Through Policy Deployment the Production Planning process became the criteria for determining how Project Operations translates and cascades corporate goals into actions, to where the work is performed. This ensures the operating strategy is consistently translated into more specific and actionable targets for staff at all levels. The Production Planning framework includes a set of process tools, documents, meetings, and associated behaviours; used to manage both people and process, in order to achieve results and drive continued improvement and learning. The system was built using the Plan, Do, Check, and Action improvement cycle as its backbone, gaining control and steadily raising the performance of the Project Operations team.
The approach allows set targets, goals, and objectives to be measured, across all elements of Safety, Quality, Delivery, Cost and People performance metrics. As an output of the process credible data can then be utilised within the Visual Performance Management cells at all levels within Project Operations.
The foundation of the Production Planning Process is based on standardised Visual Management planning boards across Track, Signals and Electrical disciplines of Project Operations, and is underpinned by weekly structured performance reviews led by asset discipline Team Managers. Team Leaders from each area are now responsible for providing and communicating a weekly status update on each of the projects they manage creating ownership and accountability for the process.

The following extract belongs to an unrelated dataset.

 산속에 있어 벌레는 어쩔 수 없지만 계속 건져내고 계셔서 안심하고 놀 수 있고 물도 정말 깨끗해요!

Project7’s coaches engaged with and helped guide Team Leaders in recognising clear actions against critical risks, across each of the defined ‘Gateways’ within the Production Planning Process. In turn, enabling Leadership to support and focus on key priorities.
Within Project Operations the Visual Performance Management cells were aligned with the Production Planning Process; outlining a series of lead and lag KPIs to monitor effectiveness and efficiency of the planned works delivery. On site, pre-works meetings and start of shift safety briefs were re-introduced. Field reports were also formed through a Short Interval Control system, capturing plan versus actual, against the key task for each of the construction projects.

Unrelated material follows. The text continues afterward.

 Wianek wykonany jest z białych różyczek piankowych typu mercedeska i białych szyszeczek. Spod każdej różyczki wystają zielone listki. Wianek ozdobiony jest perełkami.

As a result of the Production Planning Process implementation by Project7, Project Operations achieved:
- Reduced customer impact from asset-related delays to the rail service
- Improved track possession planning and decision-making, to minimising the impact of major periodic maintenance plans on customers
- Improved reliability and availability of assets
- On target and under budget delivery of the annual works programme across their asset base
- Reduction of maintenance costs
The 2016/17 Major Works Balance Scorecard results further demonstrate the impact of the Production Planning Process output, in support of the goals and objectives of Project Operations:
- Safety – Increase in on site safety briefings resulted in a 40% reduction in TFIFRs.
- Delivery – 1% increase in delivery of the Annual Works Programme.
- Quality – Reduced customer impact, with 10% improvement on post works asset related delays >5mins.
- Cost – Reduction in maintenance costs – net operating cost budget variance $13M under target for the year.
- Continuous Improvement initiatives identified $2.5M in opportunities for cost saving for the initial 12 months.
- The overall cost reduction equates to a 6:1 Return on Investment.